The most recent failures have been some of the worst yet.

Stage 6 load-shedding, where 6,000 megawatts of power is removed from the country’s generating capacity was implemented for the first time this week, with Eskom saying that it was now also planning for Stages 7 and 8. Previously, the highest load-shedding rate had been Stage 4.

Petra Diamonds Ltd (LON:PDL) was one company which was seriously effected, being forced to shut down operations at its famous Kimberley mine. Also facing stoppages was Harmony Gold (JSE:HAR), which ceased operations at its nine South African mines for two nights, and Sibanye-Stillwater (JSE:SGL), which closed all its deep-level mines. Anglo American (LON:AAL) said it had been effected but didn’t say how.

Eskom is currently carrying around US$30bn of debt, and has been plagued by incompetence in recent years, as long-standing and experienced managers have been edged out to make way for political appointees. Critics regularly accuse these appointees of looting the company.

And as recently as last week, President Ramaphosa was praising the recent construction of the Medupi power station as a “fitting symbol of the importance of our state-owned enterprises”.

Medupi has come in years late and almost four times over budget, and is currently not performing to expectations. Another new power station, Kusile, is also underperforming. Just as troubling for South African industry though, is that because Eskom is so saddled with debt it is unable to provide efficient servicing and maintenance to its older power stations. That means that there is little likelihood that things will improve any time soon, and all this in the context of a 500% increase in tariffs over the past decade or so.

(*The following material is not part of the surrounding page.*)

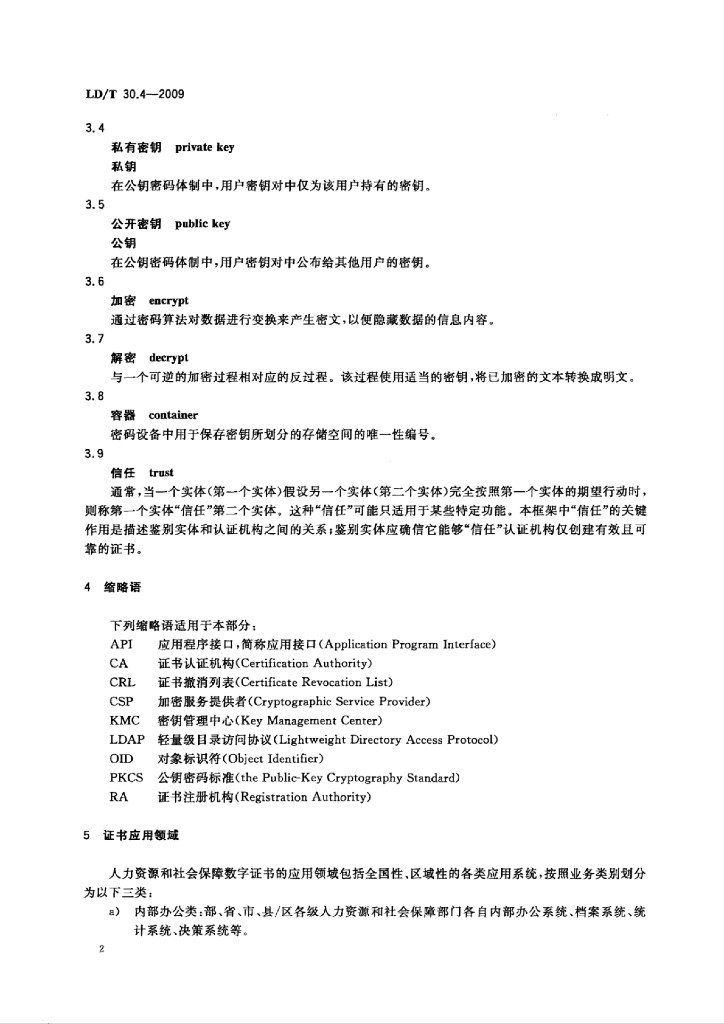 LD/T 30.4-2009 人力资源和社会保障电子认证体系 第4部分:证书应用管理规范
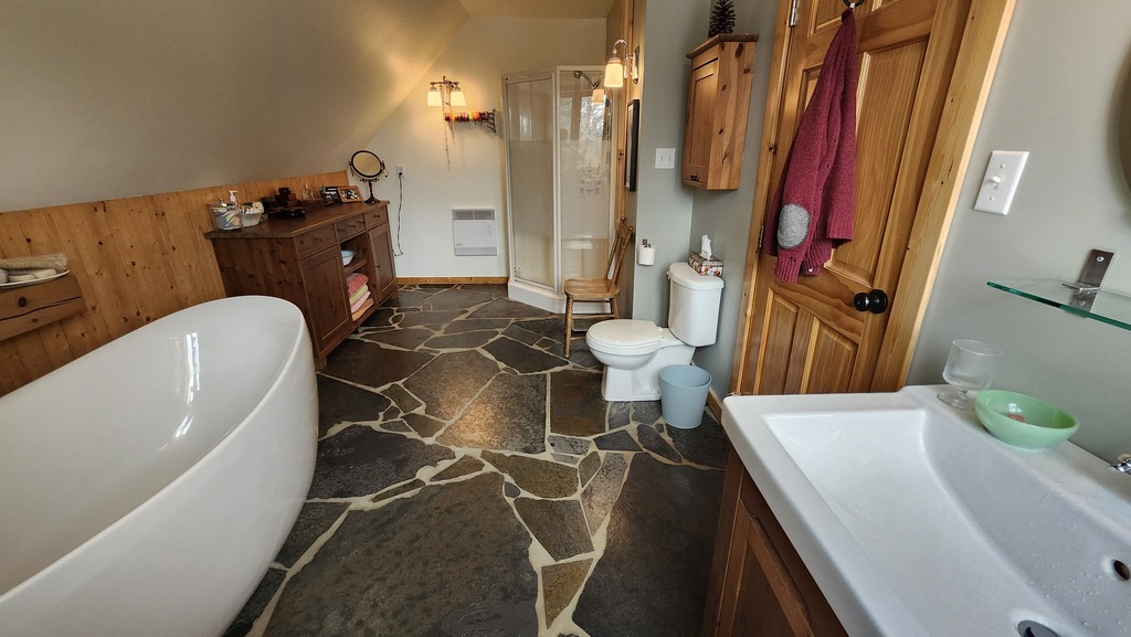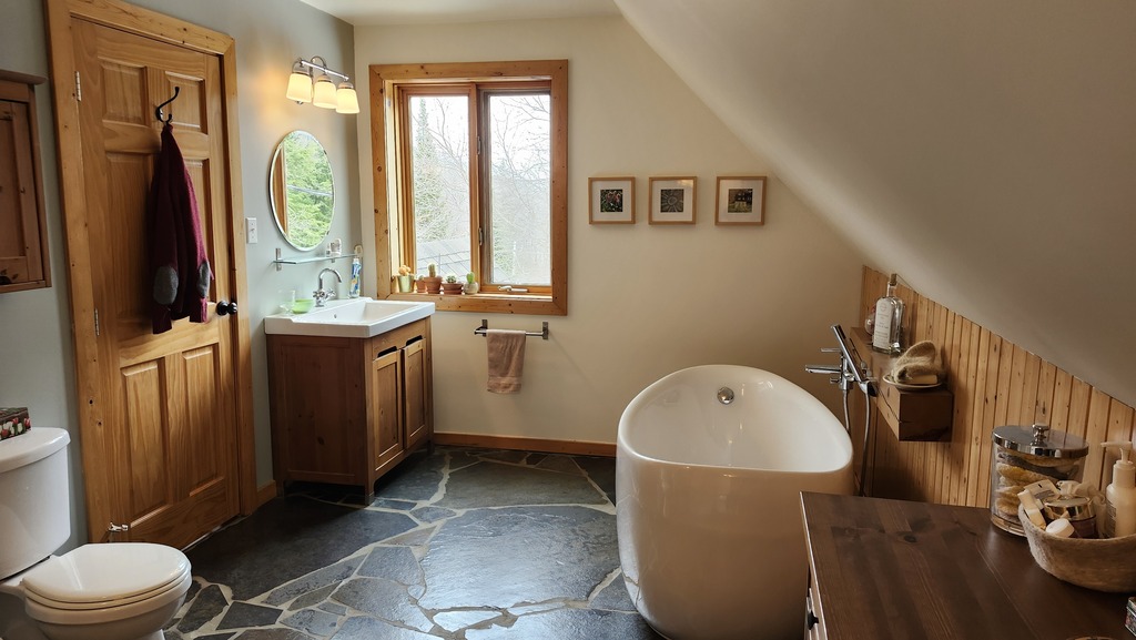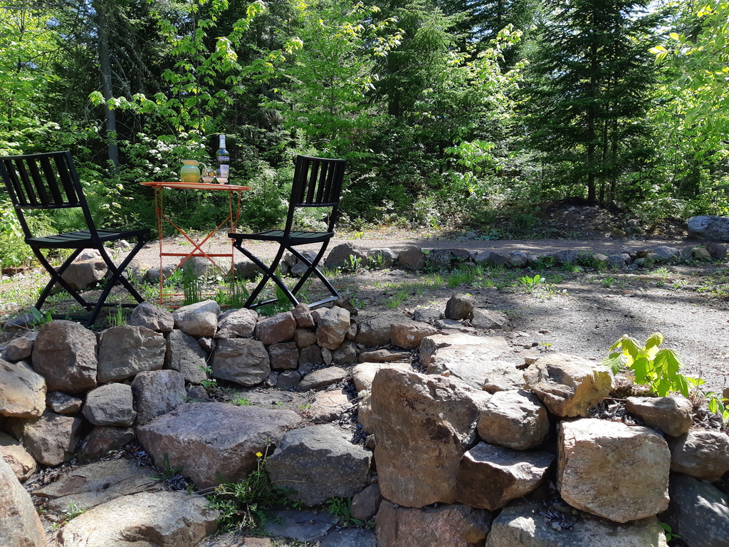 Nous sommes souvent dans nos sentiers ou sur le bord du feu, nos activités préférées. Guy est souvent dans notre forêt à couper le bois pour l'hiver ou à bizouner des projets artisitques dans son nouvel atelier, encore en construction. De mon côté, je lis dans la véranda en été, je suis en raquettes sur nos sentiers en hiver, je cuisine ou je caresse le chat!

It all adds up to a teetering parastatal behemoth that is becoming increasingly unreliable, and which is becoming a symbol of South Africa’s wider economic decline. In November Standard & Poors cut the country’s credit outlook to negative. Many observers expect the country to swing into recession as a result of Eskom’s load-shedding programme, and that in turn is having an effect on credit ratings.

The country is currently rated at BB by Standard & Poors, two notches below investment grade. But there’s every expectation that this will drop a further grade at the next readjustment. That will put the country’s borrowing costs up, and put further pressure on Mr Ramaphosa, who is struggling to find the money to allow him to fulfil promises made to his supporters.

In the absence of that available cash, he is having to turn to different narratives, hence the accusation that sabotage was behind more than 2,000MW of the recent load-shedding requirement. Not surprisingly, he has called for the perpetrators to be found and detained by police. But it would be equally unsurprising if no perpetrators were ever found.

It has been a favoured tactic of left-wing governments, from Stalin’s Russia to Maduro’s Venezuela to blame poor economic performance on saboteurs. In Stalin’s case, he used the apparent “sabotage” of the fledgling Soviet economy to perpetrate a genocide on an entire class of people – the kulaks.

The consequences of Ramaphosa’s accusations are likely to be less strong. Nevertheless, there are call for ethnic cleansing on the left of the South African political spectrum as well as on the right.

The precedent set by Zimbabwe to the north looks increasingly instructive. Unfortunately, it offers no one any comfort at all.